When related to the Eastern system of metaphysics, these churches represent the chakras, or nerve ganglia, along the human spine, the "door in heaven" being the brahmarandra, or point in the crown of the skull (Golgotha), through which the spinal spirit fire passes to liberation. The church of Ephesus corresponds to the muladhara, or sacral ganglion, and the other churches to the higher ganglia according to the order given in Revelation. Dr. Steiner discovers a relationship between the seven churches and the divisions of the Aryan race. Thus, the church of Ephesus stands for the Arch-Indian branch; the church of Smyrna, the Arch-Persians; the church of Pergamos, the Chaldean-Egyptian-Semitic; the church of Thyatira, the Grecian-Latin-Roman; the church of Sardis, the Teuton-Anglo-Saxon; the church of Philadelphia, the Slavic; and the church of Laodicea, the Manichæan. The seven churches also signify the Greek vowels, of which Alpha and Omega are the first and the last. A difference of opinion exists as to the order in which the seven planers should be related to the churches. Some proceed from the hypothesis that Saturn represents the church of Ephesus; but from the fact that this city was sacred to the moon goddess and also that the sphere of the moon is the first above that of the earth, the planets obviously should ascend in their ancient order from the moon to Saturn. From Saturn the soul would naturally ascend through the door in the Empyrean.
In the fourth and fifth chapters St. John describes the throne of God upon which sat the Holy One "which was and is, and is to come." About the throne were twenty-four lesser seats upon which sat twenty-four elders arrayed in white garments and wearing crowns of gold. "And out of the throne proceeded lightnings and thunderings and voices: and there were seven lamps of fire burning before the throne, which are the seven Spirits of God." He who sat upon the throne held in His right hand a book sealed with seven seals which no man in heaven or earth had been found worthy to open. Then appeared a Lamb (Aries, the first and chief of the zodiacal signs) which had been slain, having seven horns (rays) and seven eyes (lights). The Lamb took the book from the right hand of Him that sat upon the throne and the four beasts and all the elders fell down and worshiped God and the Lamb. During the early centuries of the Christian Church the lamb was universally recognized as the symbol of Christ, and not until after the fifth synod of Constantinople (the "Quinisext Synod," A.D. 692) was the figure of the crucified man substituted for that of Agnus Dei. As shrewdly noted by one writer on the subject, the use of a lamb is indicative of the Persian origin of Christianity, for the Persians were the only people to symbolize the first sign of the zodiac by a lamb.

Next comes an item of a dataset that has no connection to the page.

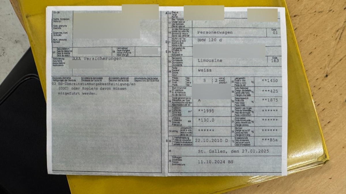 Schutzleisten für Stossstangen vorne und hinten, Zweiklanghorn, Oelstandsanzeige, Lenkrad: Lenkrad längs- und höhenverstellbar, Reifendruckverlust-Warnsystem, Lackierung: Uni-Lackierung, Getriebe: 6-Gang-Getriebe, Kombi-Instrumente mit Chromzierringen, Wartungsintervall-Anzeige, Abblendlichtausschaltverzögerung 'Follow me home', Innenlicht-Abschaltverzögerung, Beleuchtetes Handschuhfach, 12-Volt-Steckdose vorne, Lichtwarnsummer, Dynamische Stabilitätskontrolle (DSC), ISOFIX Kindersitzvorrichtung, Radzierblenden, Blinkleuchten seitlich vorn weiss, Scheibenwischer vorne mit Intervall, 3 Kopfstützen hinten, Lenkung, elektrisch unterstützt, Nebelscheinwerfer, Kofferraumfernentriegelung, Nichtraucherausführung, Heckscheiben-Wisch-/Waschanlage, Aux-In Anschluss, Tageskilometerzähler, Radiovorbereitung, Antenne, Entstörung und 6 LS, Airbag: Airbag Fahrer und Beifahrer, Aussenspiegel rechts und links elektrisch verstellbar, Licht: Nebelschlussleuchte, Drittes Bremslicht, Digital Uhr, Befestigungsösen im Laderaum, Seitenairbags, Stossstangen und Aussenspiegel in Wagenfarbe, Verbandskasten, iDrive-System, Make up-Spiegel links, Durchladeklappe, Partikelfilter und Oxydationskatalysator, Halogenscheinwerfer, Assist: Cornering Brake Control (CBC), 3-Punkt-Sicherheitsgurte auf allen Plätzen, Automatische Stabilitäts- und Traktions- kontrolle, BMW Mobility System, Heckscheibenheizung, Weisse Blinkleuchten, Veloursfussmatten vorne und hinten, Einstiegsschienen, Tagfahrlicht, Türgriffe in Wagenfarbe, Rücksitzlehne geteilt abklappbar, Bordcomputer, Stahlräder, Elektrische Fensterheber vorne + hinten, Check-Control-System, Zentralverriegelung mit Fernbedienung, Stoff-Ausstattung, Motor Start-/Stop-Anlage, Bremsbelag-Verschleissanzeige, Radio BMW Business CD, Bremsassistent (BAS), Gurtstraffer vorne, Anbauteile in Wagenfarbe, Antiblockiersystem (ABS), Aussentemperaturanzeige, Skisack, Window-Kopfairbags, Abschliessbare Radschrauben, Seitenaufprall-Schutzsystem, Dekor: Interieurleisten in Satinsilber matt, Gurtkontrolle, Drehzahlmesser, Grün getönte Scheiben, Leuchtweitenregulierung elektrisch, Make up-Spiegel rechts, Vordersitze höhenverstellbar, Wegfahrsperre elektronisch

Because a lamb was the sin offering of the ancient pagans, the early mystic Christians considered this animal as an appropriate emblem of Christ, whom they regarded as the sin offering of the world. The Greeks and the Egyptians highly venerated the lamb or ram, often placing its horns upon the foreheads of their gods. The Scandinavian god Thor carried a hammer made from a pair of ram's horns. The lamb is used in preference to the ram apparently because of its purity and gentleness; also, since the Creator Himself was symbolized by Aries, His Son would consequently be the little Ram or Lamb. The lambskin apron worn by the Freemasons over that part of the body symbolized by Typhon or Judas represents that purification of the generative processes which is a prerequisite to true spirituality. In this allegory the Lamb signifies the purified candidate, its seven horns representing the divisions of illuminated reason and its seven eyes the chakras, or perfected sense-perceptions.

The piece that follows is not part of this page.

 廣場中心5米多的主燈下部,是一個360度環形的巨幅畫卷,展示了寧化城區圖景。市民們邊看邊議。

The sixth to eleventh chapters inclusive are devoted to an account of the opening of the seven seals on the book held by the Lamb. When the first seal was broken, there rode forth a man on a white horse wearing a crown and holding in his hand a bow. When the second seal was broken, there rode forth a man upon a red horse and in his hand was a great sword. When the third seal was broken there rode forth a man upon a black horse and with a pair of balances in his hand. And when the fourth seal was broken there rode forth Death upon a pale horse and hell followed after him. The four horsemen of the Apocalypse may be interpreted to signify the four main divisions of human life. Birth is represented by the rider on the white horse who comes forth conquering and to conquer; the impetuosity of youth by the rider on the red horse who took peace from the earth; maturity by the rider on the black horse who weighs all things in the scales of reason; and death by the rider on the pale horse who was given power over a fourth part of the earth. In the Eastern philosophy these horsemen signify the four yugas, or ages, of the world which, riding forth at: their appointed times, become for a certain span the rulers of creation.

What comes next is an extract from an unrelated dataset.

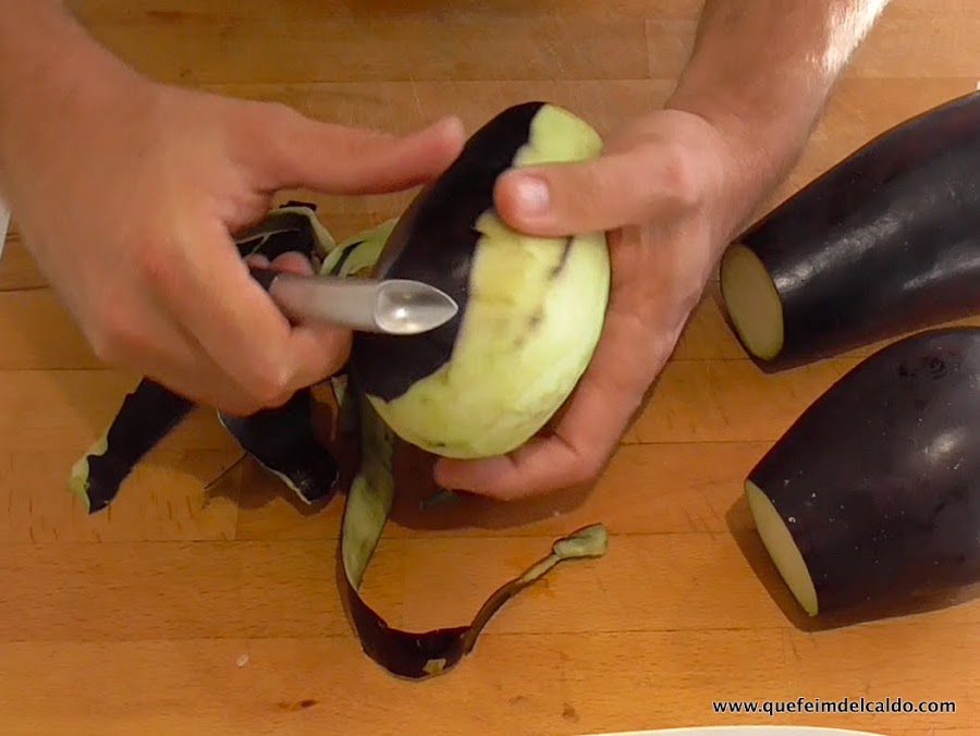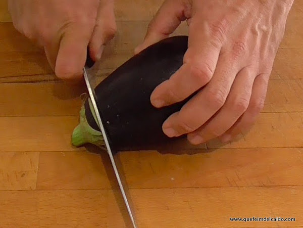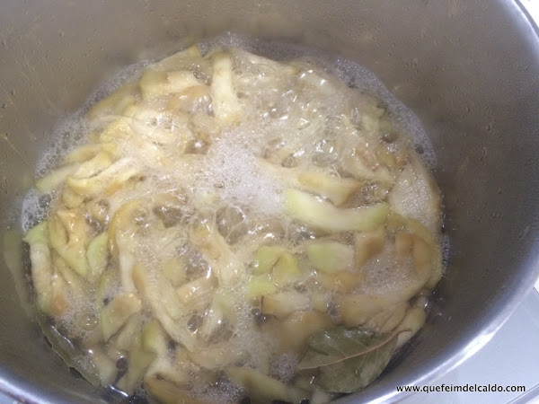 Cuando empieza a hervir colocamos las berenjenas y las dejamos cocinando durante 5 minutos.

Commenting on the twenty-fourth allocution of Chrysostom, in The Origin of all Religious Worship, Dupuis notes that each of the four elements was represented by a horse bearing the name of the god "who is set over the element." The first horse, signifying the fire ether, was called Jupiter and occupied the highest place in the order of the elements. This horse was winged, very fleet, and, describing the largest circle, encompassed all the others. It shone with the purest light, and on its body were the images of the sun, the moon, the stars, and all the bodies in the ethereal regions. The second horse, signifying the element of air, was Juno. It was inferior to the horse of Jupiter and described a smaller circle; its color was black but that part exposed to the sun became luminous, thus signifying the diurnal and nocturnal conditions of air. The third horse, symbolizing the element of water, was sacred to Neptune. It was of heavy gait and described a very small circle. The fourth horse, signifying the static element of earth, described as immovable and champing its bit, was the steed of Vesta. Despite their differences in temperature, these four horses lived harmoniously together, which is in accord with the principles of the philosophers, who declared the world to be preserved by the concord and harmony of its elements. In time, however, the racing horse of Jupiter burned the mane of the horse of earth; the thundering steed of Neptune also became covered with sweat, which overflowed the immovable horse of Vesta and resulted in the deluge of Deucalion. At last the fiery horse of Jupiter will consume the rest, when the three inferior elements--purified by reabsorption in the fiery ether--will come forth renewed, constituting "a new heaven and a new earth."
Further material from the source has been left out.